This is not a complete joke. If we had to blue-sky an explanation for
increase MI on sartan / ATBs, there's been some suggestion that the
bradykinin increases invoked by the ACE inhibitors might even be
vasodilitory, and thus good for the heart. Hmmmm. Obviously that
doesn't happen with ATB drugs, so perhaps your inflammation level goes
(relatively) down with ATBs, and thus production of COX-2 prostacyclin,
and all this does EXACTLY the same thing to hearts that Vioxx did. So
it's all sort of the same thing. Maybe. A little inflammation where
your coronary lesions are, might be good for you, go figure.

Thanks for making me go back to the literature.

J Hum Hypertens. 2005 Aug 25; [Epub ahead of print]

Meta-analysis of large outcome trials of angiotensin receptor blockers in
hypertension.

Cheung BM, Cheung GT, Lauder IJ, Lau CP, Kumana CR.

1Department of Medicine, The University of Hong Kong, Hong Kong, China.

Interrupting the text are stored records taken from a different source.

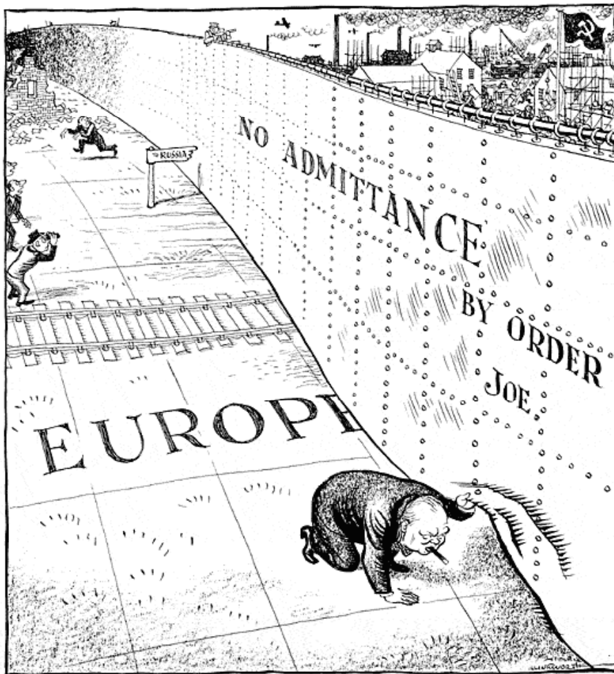
HUNGARIAN TROOPS TODAY BEGAN TO DISMANTLE A 350 km LONG "IRON CURTAIN"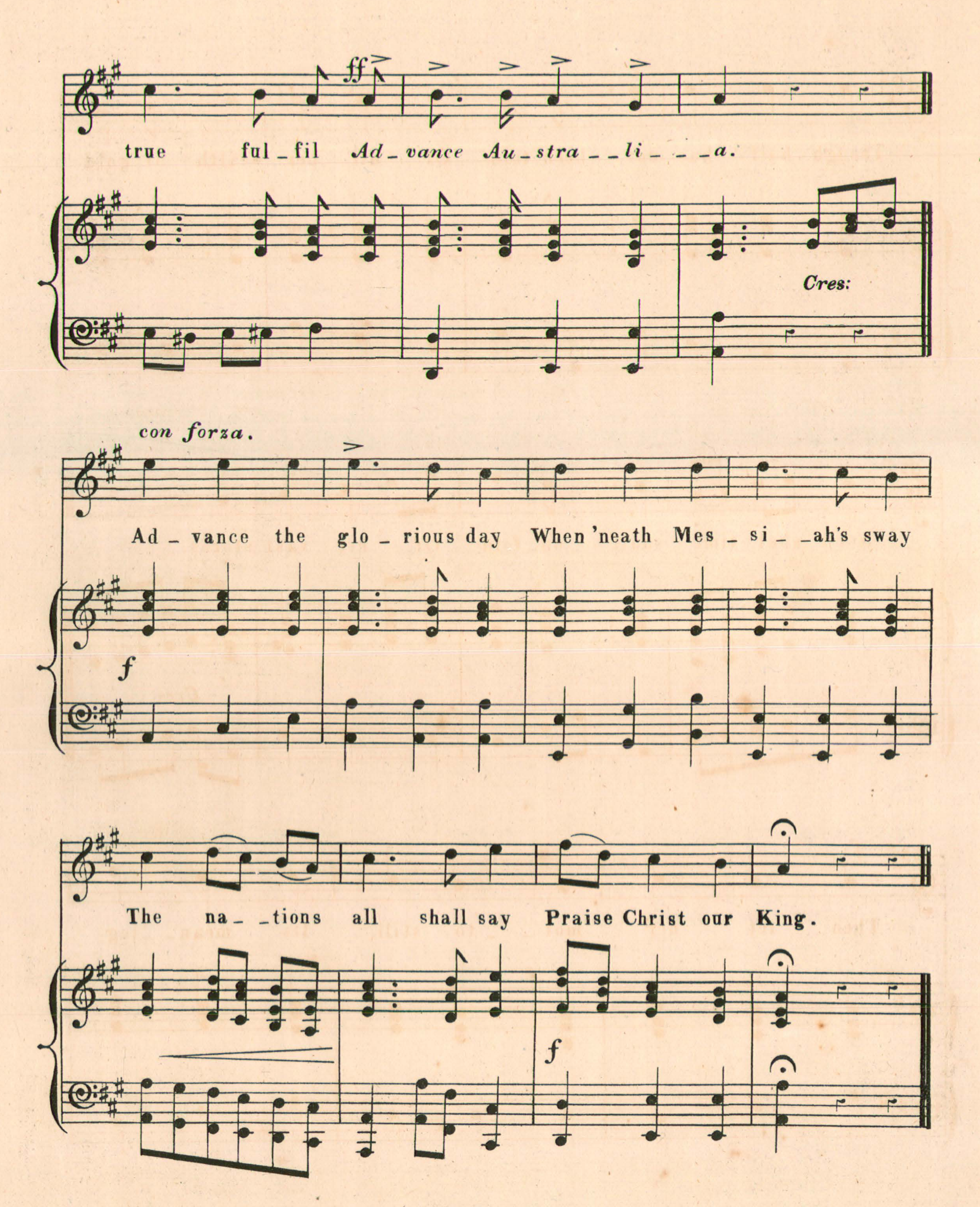
1263 . A .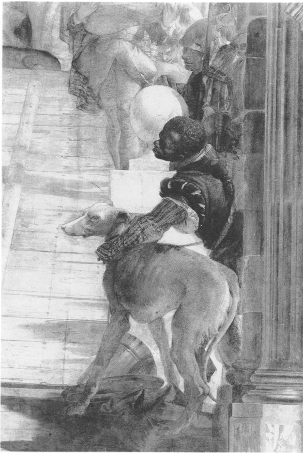
Figure 11. Giambattista Tiepolo. Detail of The Meeting of Cleopatra and Antony in Figure 6

Tiepolo. Although Wharton had prepared herself carefully by reading a number of works, including Vernon Lee's Studies of the Eighteenth-Century in Italy and books she had borrowed from Charles Eliot Norton, such as significant eighteenth-century memoirs by Goldoni, Lorenzo da Ponte, and Casanova, 70 her rendering of period Venice is fairly stereotyped. 71 This was not applicable to Wharton's description of an imaginary Tiepolo fresco in the villa where her protagonists meet. The prose suddenly seems to soar, like a flying angel in a Tiepolo ceiling: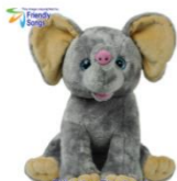
Ellie the Elephant

and select your favorite stuffed animal. You can even add a Heart, Birth Certificate, and Gift Wrapping if you wish.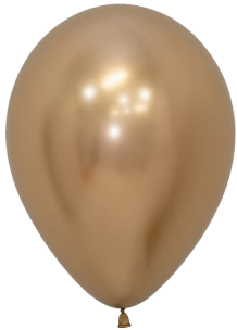
REFLEX GOLD (S)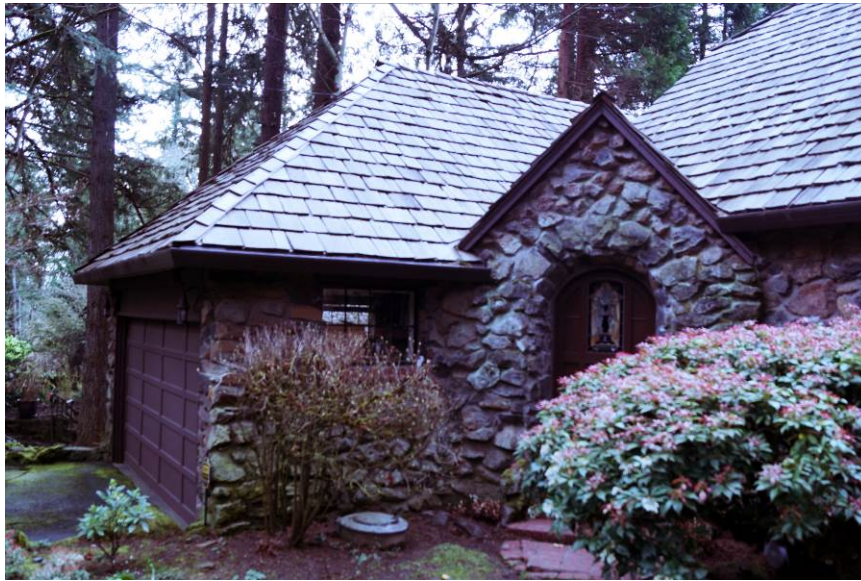
Figure 6. Secondary door to garage, looking southeast at the north façade. March 2014.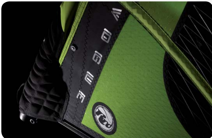
The new incorporated mast protector allows the uphaul external attachment.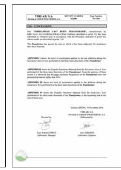
Vibration testing on cast resin transformer 2350 kVA ANAF, 33/0.69kV at Virlab Laboratory (Spain)

ast year GBE obtained GAMESA certification, making way for the supply of numerous cast resin transformers for wind power applications. The constructive design of the transformer for wind turbine generators varies depending on the type of installation, which may be: inside a transformer station at the base of the wind tower; inside the tower itself; in the nacelle in the presence of high power, as was the case for the GAMESA project. From a technical point of view, unlike solar plants, wind farms are able to guarantee greater power continuity. Wind transformers are also characterised by low core induction in order to adapt to high grid voltage fluctuations. Standard IEC 60076-1 states that a generator-powered machine must have an overvoltage withstand capacity of 14% for 5 seconds in the case of load rejection. This type of transformer must have suitable winding insulation. The machine can be coupled and decoupled multiple times to suit power demands. These events may lead to phenomena, which may compromise the working life of the machine in the long-term. In wind turbines, the transformer is normally positioned in small compartments. Dimensions and dissipation must therefore be optimised, also for operation in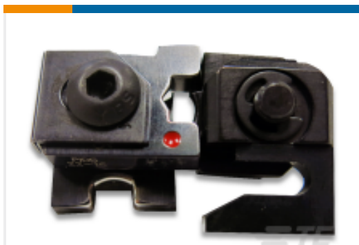
TE Part # 47806-2 DIES PIDG 22-16 DIE SET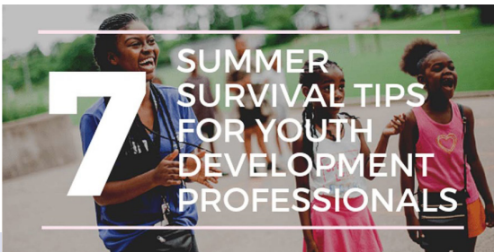
Survival Tips for Youth Development Professionals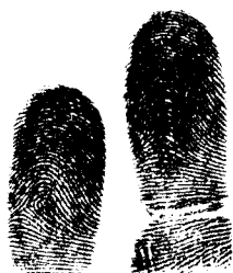
r. 1 r. 2 April 13, 1862. Mahārājā of Nuddea.

as I was, by the remarkable symmetry of the 'pattern' on one of his fingers at the core.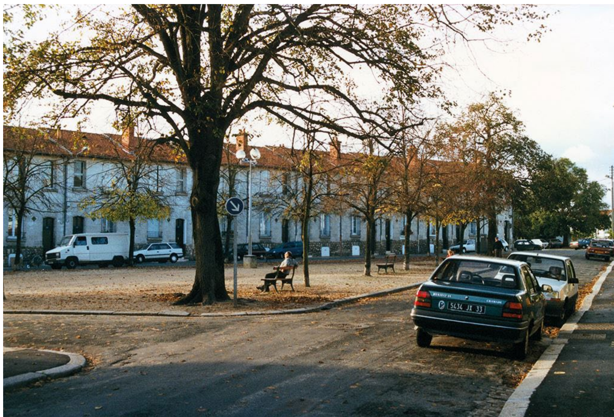
Img. 3 - Place Léon Aucoc, Bordeaux (Lacaton Vassal)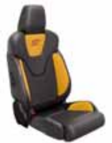
Trim colour: Tangerine Scream Paint colour: Tangerine Scream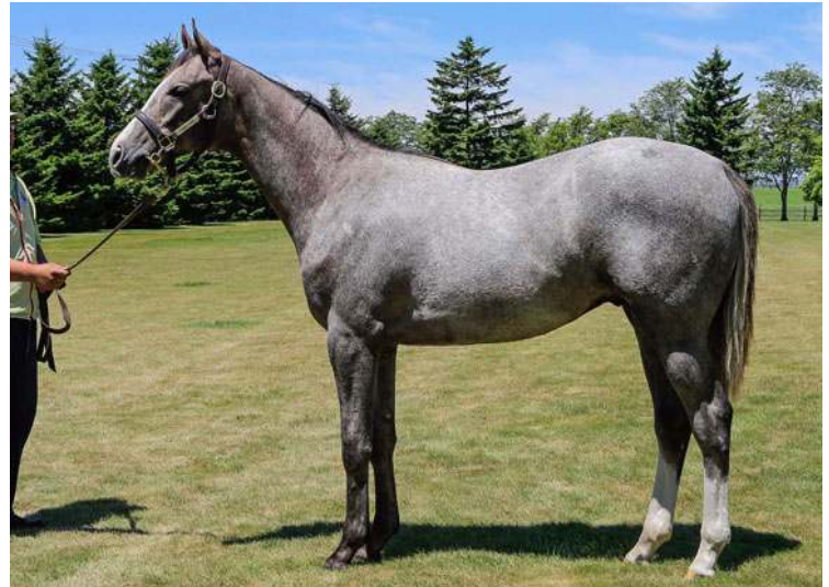
Hip 108, a Tapit colt out of Champagne d'Oro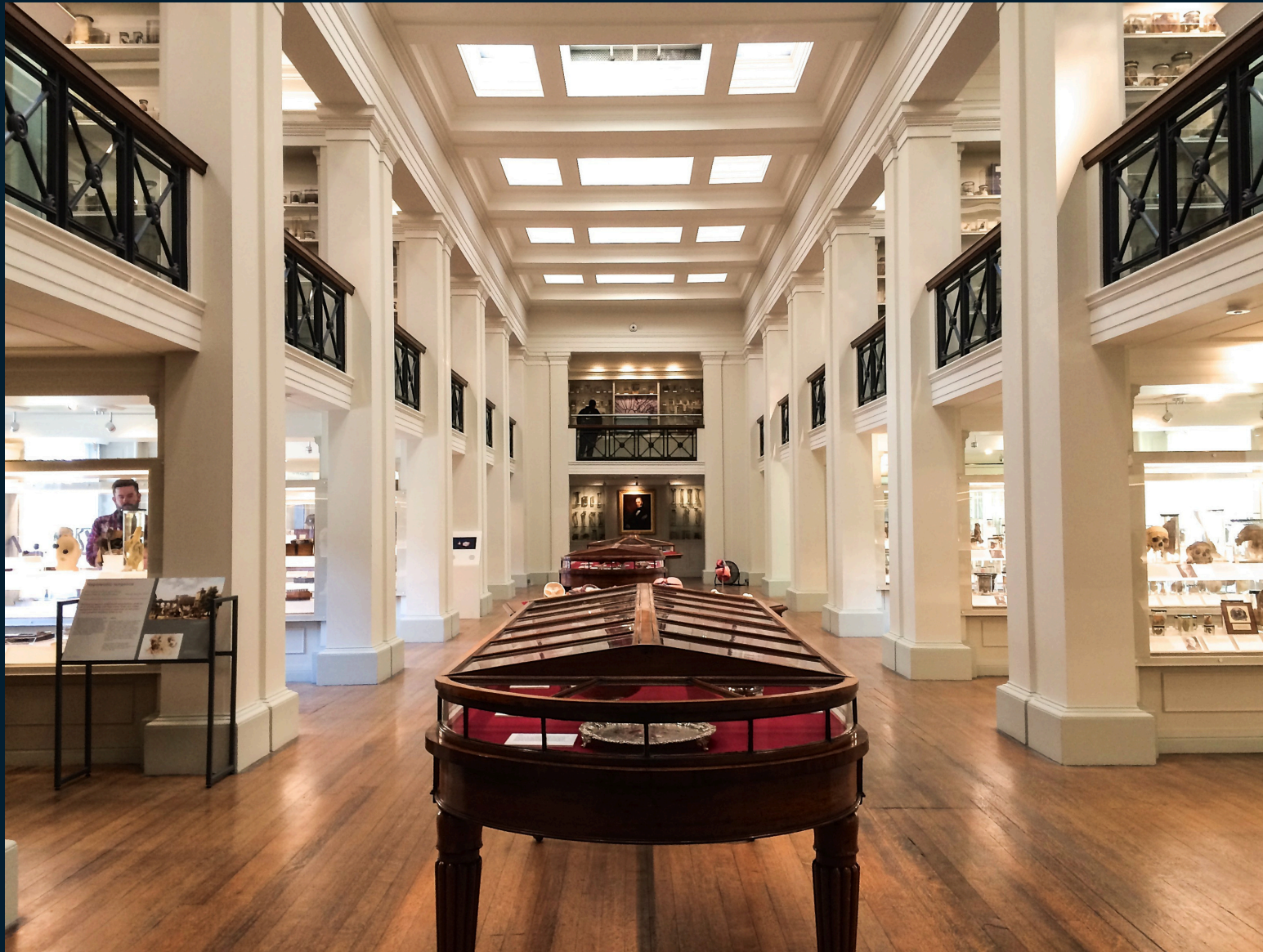
Level 2- Lower Wohl Pathology Gallery

The Wohl Pathology Gallery is split over 2 levels. Lower pathology can be found on level 2. On this level there are human remains on display. There are also some videos with audio that play on this level.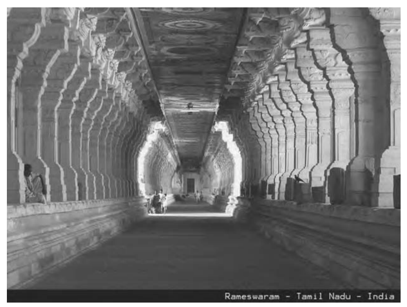
The Thousand Pillared hall at the Rameswaram Shiva temple a unique architectural creation.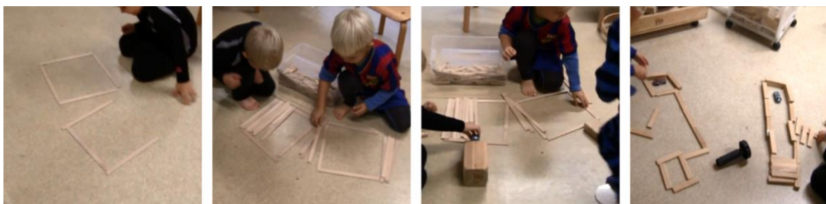
Figure 6: 'Someone is filming here...', from Carlsen (2015, Figure 51, p. 281).

Carlsen (2015) describes how a discreet message came from one boy playing together with two other friends. They played with small rectangular wooden blocks, in preschool normally named ' Kapplastaver ' after a Company name, and organised a topological landscape on the floor here Figure 6.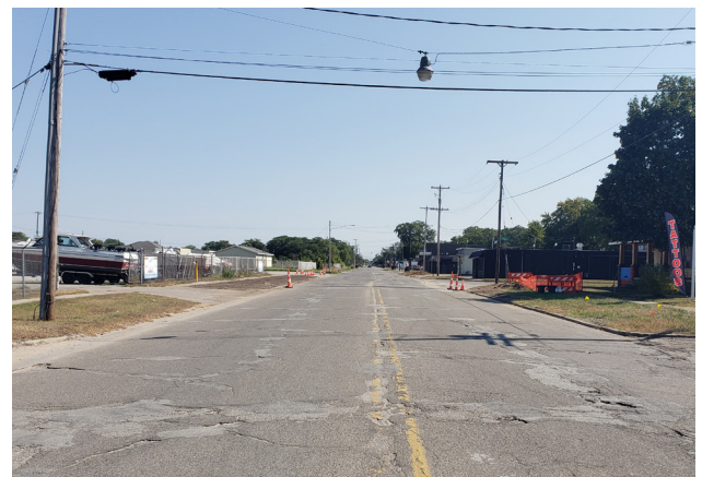
Work began this summer on this stretch of Broadway Avenue in the City of Muskegon Heights.

Commission for a resurface project on Michillinda Road in Fruitland Township. The addition of new projects, or changes that impact the cost or scope of existing projects require an amendment and must follow the MPO public involvement procedures. Minor changes such as typos or minor description changes are allowed to be changed administratively by MPO staff. Any changes to the TIP document are discussed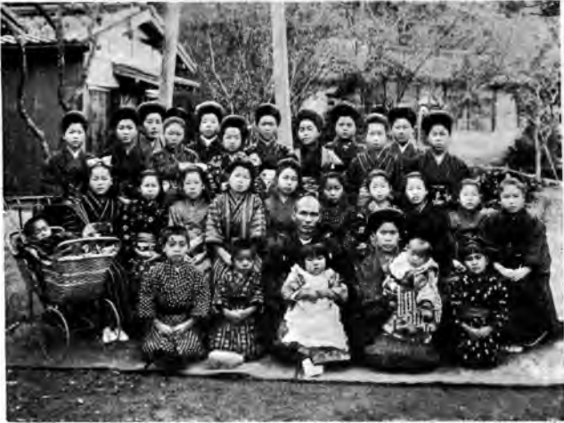
MATSUYAMA WORKING GIRLS' HOME GIRLS IN THE MATSUYAMA HOME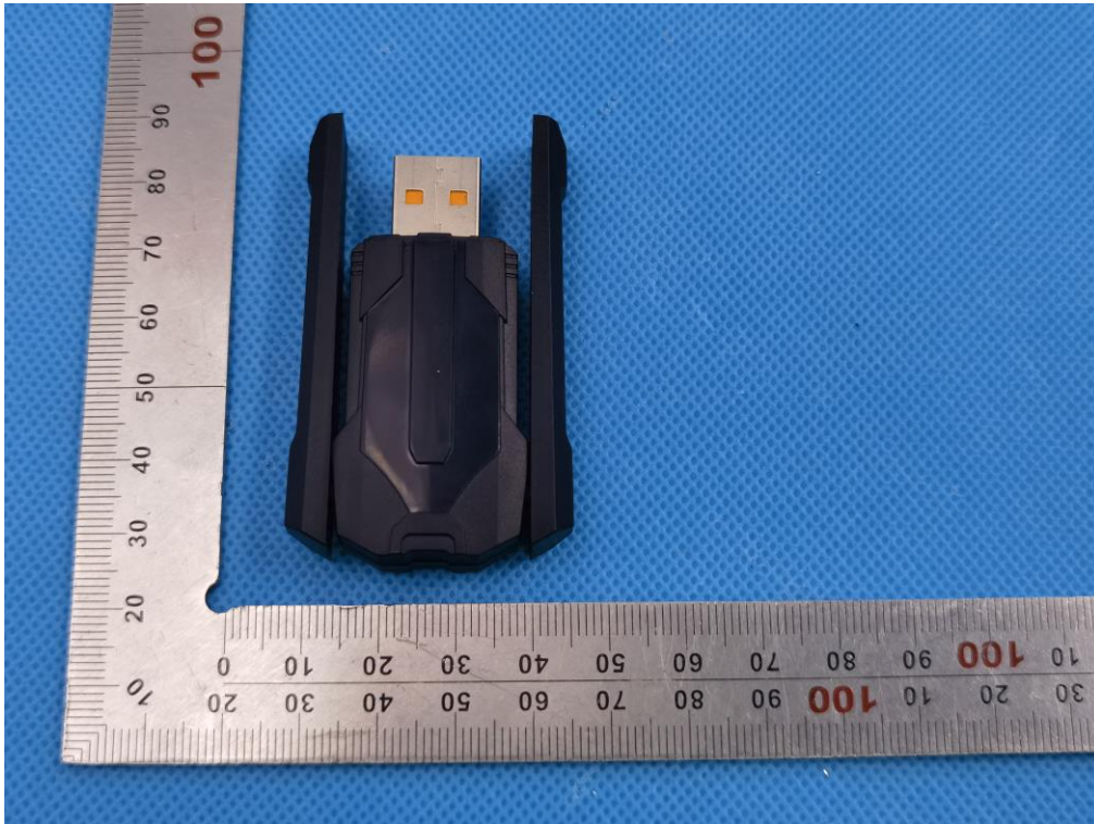
BACK VIEW OF EUT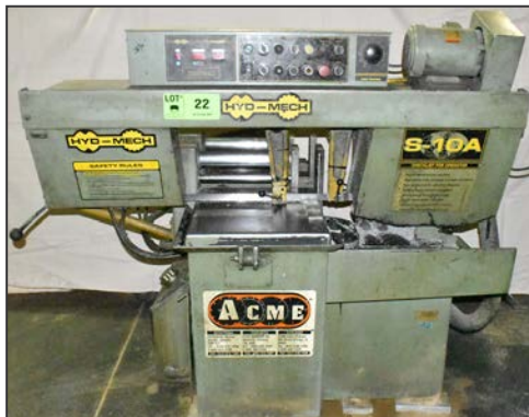
HYD-MECH S-10A, horizontal saw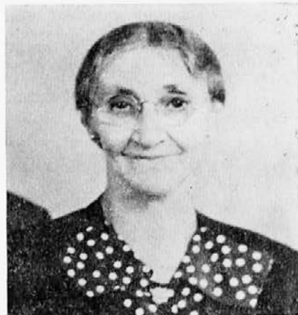
Branch 52, Kitzville, Minn.

"Yes, life is still worth living", she maintains, "as long as we remember to pray as though we will die tomorrow and work as though we will live forever!"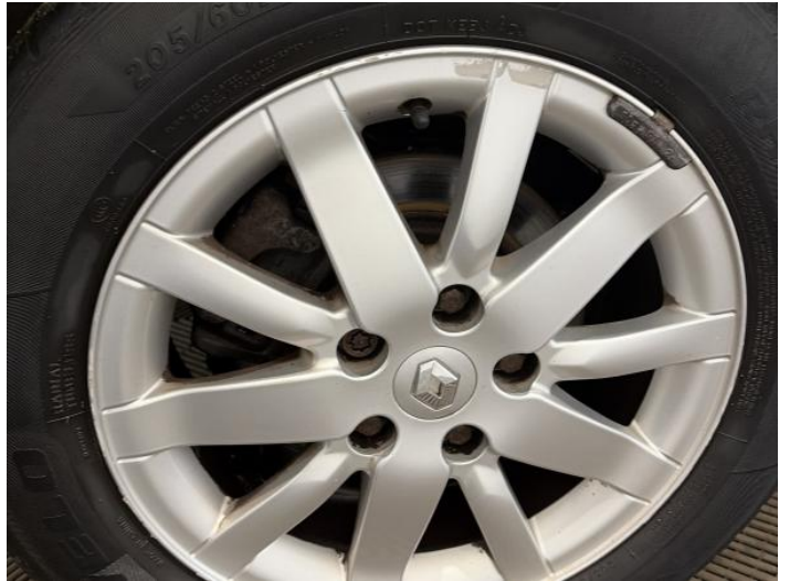
16: Wheel osr Scratched Over 50mm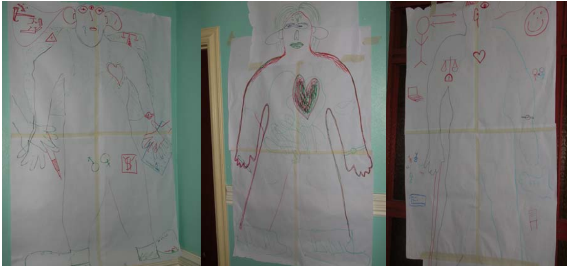
Photo 4, 5 and 6 Completed body maps depicting the capacities needed by a facilitator.

Participants noted that planning is a key element of effective facilitation and highlighted that several aspects of planning are important. Issues discussed are documented under each aspect.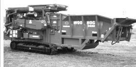
2011 "New Model" - Morbark 3800XL, 800-HP C27 Cat Engine

CHIPPERS 2005 Morbark Tornado 15, 140HP Cat, Winch, Auto Feed - Managers Special.....$29,549 2010 Morbark Beaver M12R, 110HP Cummins, Auto Feed, Your Choice of 2 - In Stock and Ready to Work - New and Unused - Only...$38,975 or BO

Angiotensin receptor blockers (ARBs), also known as sartans, block the
activation of angiotensin type 1 receptors and have a recognised role
in the treatment of heart failure and nephropathy. Since 2002, there
have been three major outcome trials of ARBs in hypertension. We
performed a meta-analysis to evaluate the impact of ARB on major
outcomes. Randomised controlled trials of ARBs in hypertensive subjects
with an average follow-up of at least 2 years and at least 100 major
cardiovascular events were included. For each trial, the ARB used,
number and characteristics of subjects, baseline and change in blood
pressure, cardiovascular and noncardiovascular outcomes were recorded.
Three trials involving 29 375 subjects were included in the
meta-analysis. In Losartan Intervention For Endpoint (LIFE) and Study
on Cognition and Prognosis in the Elderly (SCOPE) but not in Valsartan
Antihypertensive Long-term Use Evaluation
trial (VALUE), an ARB reduced the occurrence of the primary end point
and stroke compared to control. Compared to other antihypertensive
drugs, ARB treatment was associated with no significant change in
all-cause mortality (relative risk ratio (RRR) 0.96, 95% CI: 0.88-1.06,
P=0.45). There was an increase in myocardial infarction (RRR, 1.12, 95%
CI: 1.01-1.26, P=0.041), but a decrease in new-onset diabetes mellitus
(RRR, 0.80, 95% CI: 0.74-0.86, P<0.0000001). In conclusion, the
reduction in new-onset diabetes partly offsets any increase in the risk
of myocardial infarction. Most hypertensive patients require more than
one class of drugs. Small differences in treatment outcome should not
over-ride the importance of good blood pressure control.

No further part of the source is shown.